Assignment: Please reproduce the listing word for word. Pictures stay out.

** Given data follows **

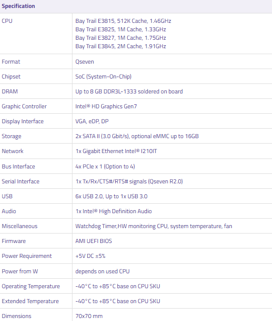 产品分类:CPU主板1、Intel® Atom™ Bay Trail SoC E3800 series processor with industrial support.2、On Board DDR3L DRAM and up to 8GB.3、Three PCI Express lanes (optional to Four)4、Support one USB 3.0, six USB 2.0
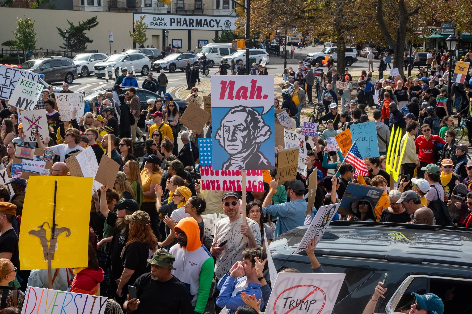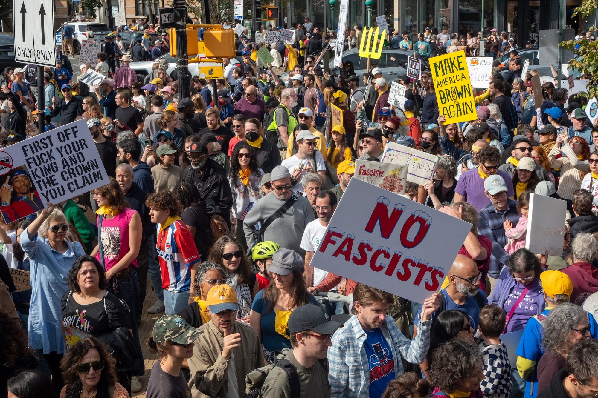Why is the movement so provocative to the right? It might have something to do with its “surprisingly patriotic” aesthetic, as Hyperallergic contributor Emma Cieslik observed from Washington, DC, where she captured marchers in head-to-toe Revolutionary garb and eagle costumes accessorized by US flags and copies of the Constitution that subverted Trump's jingoistic iconography. One sign depicted an exhausted George Washington warning against the repetition of history ahead of the country's 250th anniversary. It must sting for Trump, seeing the event he's tried to co-opt for his personal brand framed not as a celebration of American independence, but as a mourning of its loss.
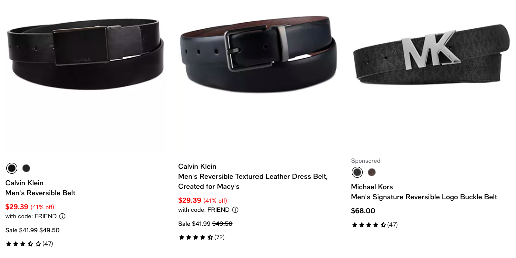 Macy’s — легендарный американский универмаг с большим выбором мужских ремней по доступным ценам. Здесь можно найти ремни из натуральной кожи и текстиля от Tommy Hilfiger, Levi’s, Calvin Klein и других популярных брендов. Macy’s регулярно проводит распродажи и предлагает купоны на скидку, что позволяет выгодно обновить гардероб.
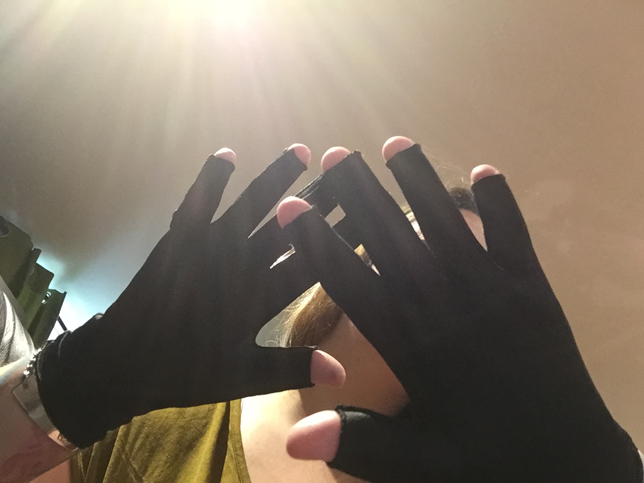 Je dois ajouter que porter des gants comme ça tout le temps n’est vraiment pas pratique ni hygiénique. Quand on a un système immunitaire pourri, comme moi, qu’on doit souvent se laver les mains, c’est pas idéal d’avoir du tissu qu’on ne peut pas laver souvent (même si je les lave tous les jours… même si je les enlève avant d’aller aux toilettes… j’aurai serré la main de quelqu’un, touché au panier d’épicerie, flatté le chat, etc.) C’est vraiment pas pratique pour préparer les repas non plus. En prime, j’ai déjà de la difficulté avec ma motricité fine, mais si en plus j’ai ces gants compressifs, j’ai de la difficulté à bouger mes doigts, alors j’échappe tout. Et si je force pour serrer les doigts, ça me coupe la circulation (syndrome de Raynaud, encore et toujours).

** End of Given data **

Solution to this task:
 产品分类:CPU主板1、Intel® Atom™ Bay Trail SoC E3800 series processor with industrial support.2、On Board DDR3L DRAM and up to 8GB.3、Three PCI Express lanes (optional to Four)4、Support one USB 3.0, six USB 2.0
Why is the movement so provocative to the right? It might have something to do with its “surprisingly patriotic” aesthetic, as Hyperallergic contributor Emma Cieslik observed from Washington, DC, where she captured marchers in head-to-toe Revolutionary garb and eagle costumes accessorized by US flags and copies of the Constitution that subverted Trump's jingoistic iconography. One sign depicted an exhausted George Washington warning against the repetition of history ahead of the country's 250th anniversary. It must sting for Trump, seeing the event he's tried to co-opt for his personal brand framed not as a celebration of American independence, but as a mourning of its loss.
 Macy’s — легендарный американский универмаг с большим выбором мужских ремней по доступным ценам. Здесь можно найти ремни из натуральной кожи и текстиля от Tommy Hilfiger, Levi’s, Calvin Klein и других популярных брендов. Macy’s регулярно проводит распродажи и предлагает купоны на скидку, что позволяет выгодно обновить гардероб.
 Je dois ajouter que porter des gants comme ça tout le temps n’est vraiment pas pratique ni hygiénique. Quand on a un système immunitaire pourri, comme moi, qu’on doit souvent se laver les mains, c’est pas idéal d’avoir du tissu qu’on ne peut pas laver souvent (même si je les lave tous les jours… même si je les enlève avant d’aller aux toilettes… j’aurai serré la main de quelqu’un, touché au panier d’épicerie, flatté le chat, etc.) C’est vraiment pas pratique pour préparer les repas non plus. En prime, j’ai déjà de la difficulté avec ma motricité fine, mais si en plus j’ai ces gants compressifs, j’ai de la difficulté à bouger mes doigts, alors j’échappe tout. Et si je force pour serrer les doigts, ça me coupe la circulation (syndrome de Raynaud, encore et toujours).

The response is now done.